1. Create an assistant

First, if you don’t have one, create an assistant:

from pprint import pprint
from pinecone import Pinecone

pc = Pinecone("YOUR_API_KEY") 
assistant = pc.assistant.create_assistant(
    assistant_name="example-assistant-multimodal", 
    instructions="You are a helpful assistant that can understand both text and images in documents.",
    region="us",
    timeout=30
)

print(f"Type: {type(assistant).__name__}")
pprint(assistant)

Response:

Type: AssistantModel
{'created_at': '2025-08-28T23:35:26.917953498Z',
  'host': 'https://prod-1-data.ke.pinecone.io',
  'instructions': 'You are a helpful assistant that can understand both text '
                  'and images in documents.',
  'metadata': {},
  'name': 'example-assistant-multimodal',
  'status': 'Ready',
  'updated_at': '2025-08-28T23:35:28.507639215Z'}

You don’t need to create a new assistant to use multimodal context. Existing assistants can enable multimodal context for newly uploaded PDFs, as described in the next section.

2. Upload a multimodal PDF

To enable multimodal context for a PDF, when uploading the file, set the multimodal URL parameter to true (defaults to false).

from pprint import pprint
from pinecone import Pinecone

pc = Pinecone("YOUR_API_KEY") 
assistant = pc.assistant.Assistant(assistant_name="example-assistant-multimodal")

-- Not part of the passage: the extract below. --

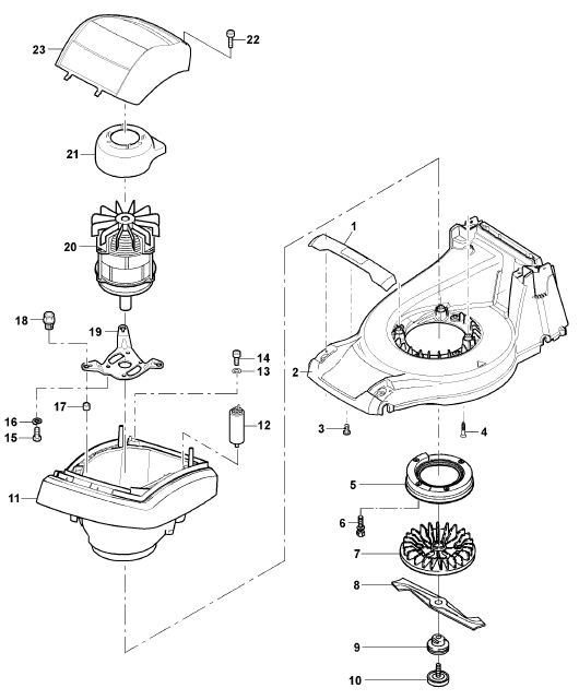 Gehäuse, Motor, Lüfter, Mähwerk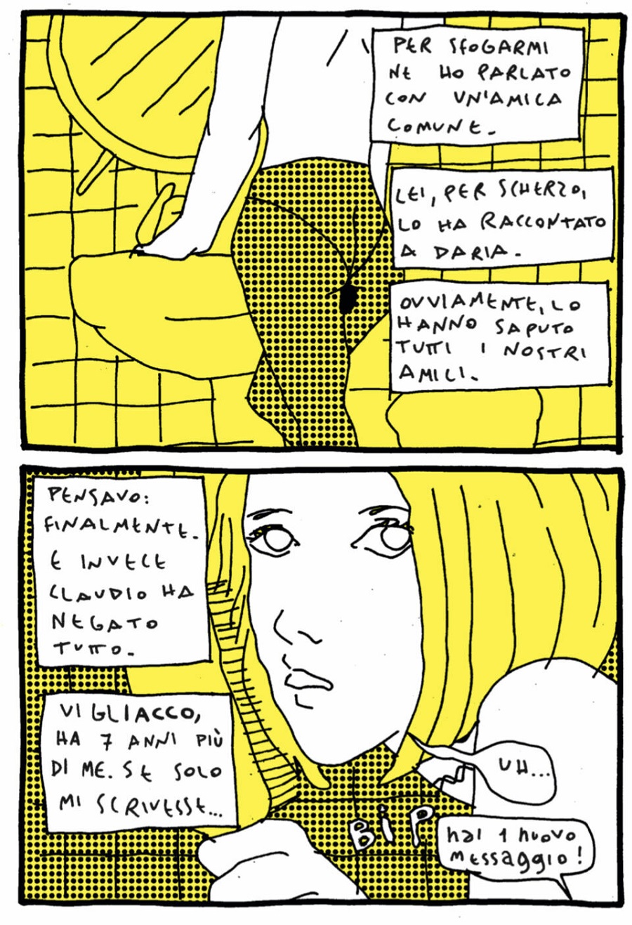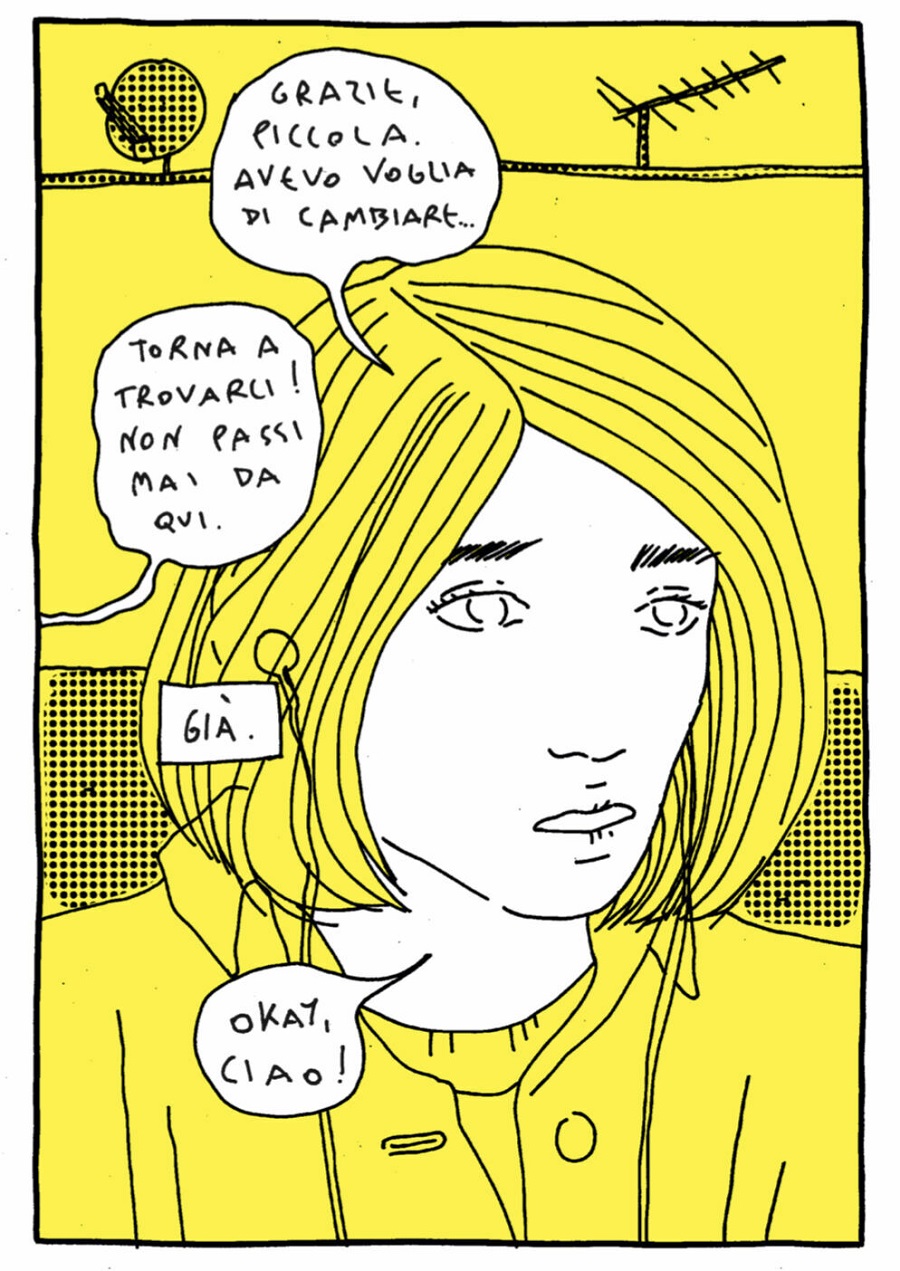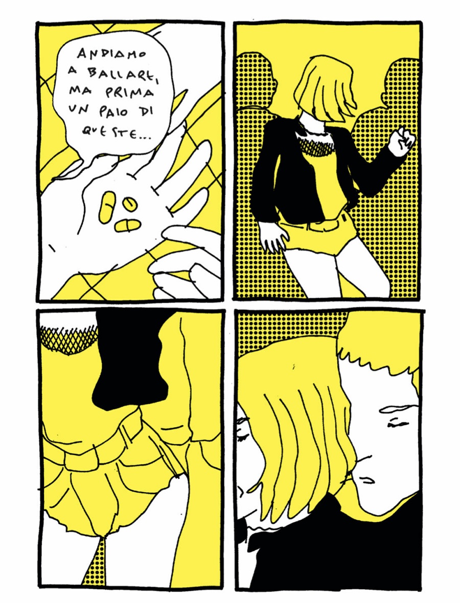 No quadrinho, corpos muito brancos sobre um fundo amarelo brilhante e o roxo escuro da memória com o preto mais escuro que existe. Com essas paletas de cores, Josephine Yole Signorelli nos leva em sua história mais pessoal e humana, quando a quadrinista ainda era P. Uma época de disforia, transfobia, automutilação misturada com uso desenfreado de drogas, sexo mais explícito e bullying da puberdade.

# timeout=None allows the SDK to wait for file processing to complete before returning.
# This parameter is only available in the SDK, not in direct API calls.
file_model = assistant.upload_file(
    file_path="./document.pdf",
    multimodal=True,
    timeout=None
)

pprint(file_model)

Response:

# Formatted for readability
FileModel(
  name='document.pdf', 
  id='9c322597-58d6-4ebc-84b5-a398b620da01', 
  metadata=None, 
  created_on='2025-08-28T23:41:41.982805815Z', 
  updated_on='2025-08-28T23:42:09.562949544Z', 
  status='Available', 
  percent_done=1.0, 
  signed_url=None, 
  error_message=None, 
  size=1236044.0, 
  multimodal=True
)

The multimodal parameter is only available for PDF files.
To check the status of a file, use the describe a file upload endpoint.

3. Chat with the assistant

Now, chat with your assistant. To tell the assistant to provide image-related context to the LLM:

Set the multimodal request parameter to true (default) in the context_options object. Setting multimodal to false means the LLM only receives text snippets.
When multimodal is true, use include_binary_content to specify what image context the LLM should receive: base64 image data and captions (true) or captions only (false).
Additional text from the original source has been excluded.